-- Supplied material follows --
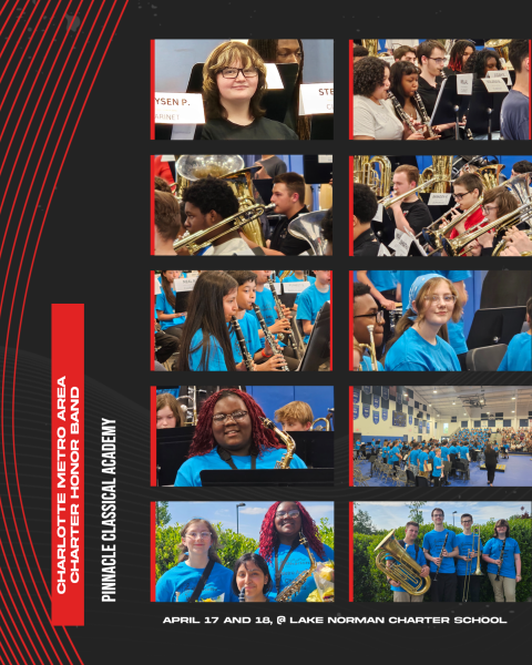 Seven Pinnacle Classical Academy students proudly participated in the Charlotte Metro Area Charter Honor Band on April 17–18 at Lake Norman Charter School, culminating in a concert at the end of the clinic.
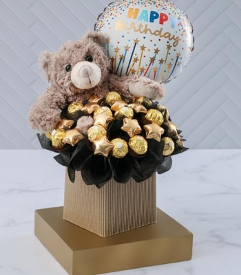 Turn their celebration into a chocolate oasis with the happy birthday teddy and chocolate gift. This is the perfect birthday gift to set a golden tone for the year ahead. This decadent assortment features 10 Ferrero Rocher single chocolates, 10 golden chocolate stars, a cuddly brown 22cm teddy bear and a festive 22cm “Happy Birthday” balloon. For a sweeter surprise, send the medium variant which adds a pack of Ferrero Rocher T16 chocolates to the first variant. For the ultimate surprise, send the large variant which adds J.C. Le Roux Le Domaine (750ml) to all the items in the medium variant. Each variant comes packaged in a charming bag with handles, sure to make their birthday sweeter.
-- Supplied material concluded --
-- Supplied material follows --
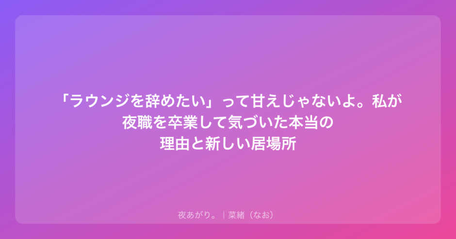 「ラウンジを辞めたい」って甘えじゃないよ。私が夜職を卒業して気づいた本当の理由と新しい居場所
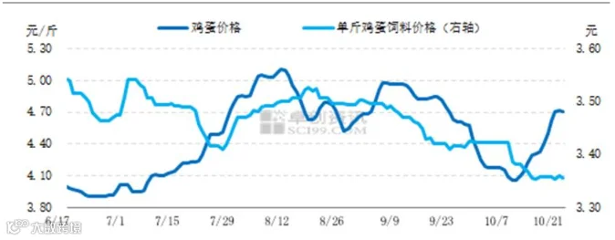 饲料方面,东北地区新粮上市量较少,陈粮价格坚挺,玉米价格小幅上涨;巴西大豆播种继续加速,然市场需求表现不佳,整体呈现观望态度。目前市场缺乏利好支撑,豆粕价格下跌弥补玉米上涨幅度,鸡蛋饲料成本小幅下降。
-- Supplied material concluded --
-- Supplied material follows --
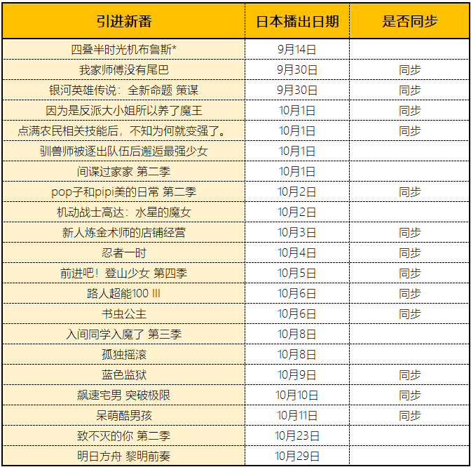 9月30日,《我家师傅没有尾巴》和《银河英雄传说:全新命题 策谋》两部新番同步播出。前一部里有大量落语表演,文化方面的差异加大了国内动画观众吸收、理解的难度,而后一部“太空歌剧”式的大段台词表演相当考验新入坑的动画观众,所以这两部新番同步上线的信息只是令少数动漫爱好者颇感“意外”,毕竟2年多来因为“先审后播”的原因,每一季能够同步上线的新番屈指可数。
-- Supplied material concluded --
_Exercise objective_: Please repeat, exactly as written, the lines in the records above, starting with the one that has "Seven Pinnacle Classical" and going on through the one that has "Turn their celebration". Pictures are to be left out.

_Exercise result_:
 Seven Pinnacle Classical Academy students proudly participated in the Charlotte Metro Area Charter Honor Band on April 17–18 at Lake Norman Charter School, culminating in a concert at the end of the clinic.
 Turn their celebration into a chocolate oasis with the happy birthday teddy and chocolate gift. This is the perfect birthday gift to set a golden tone for the year ahead. This decadent assortment features 10 Ferrero Rocher single chocolates, 10 golden chocolate stars, a cuddly brown 22cm teddy bear and a festive 22cm “Happy Birthday” balloon. For a sweeter surprise, send the medium variant which adds a pack of Ferrero Rocher T16 chocolates to the first variant. For the ultimate surprise, send the large variant which adds J.C. Le Roux Le Domaine (750ml) to all the items in the medium variant. Each variant comes packaged in a charming bag with handles, sure to make their birthday sweeter.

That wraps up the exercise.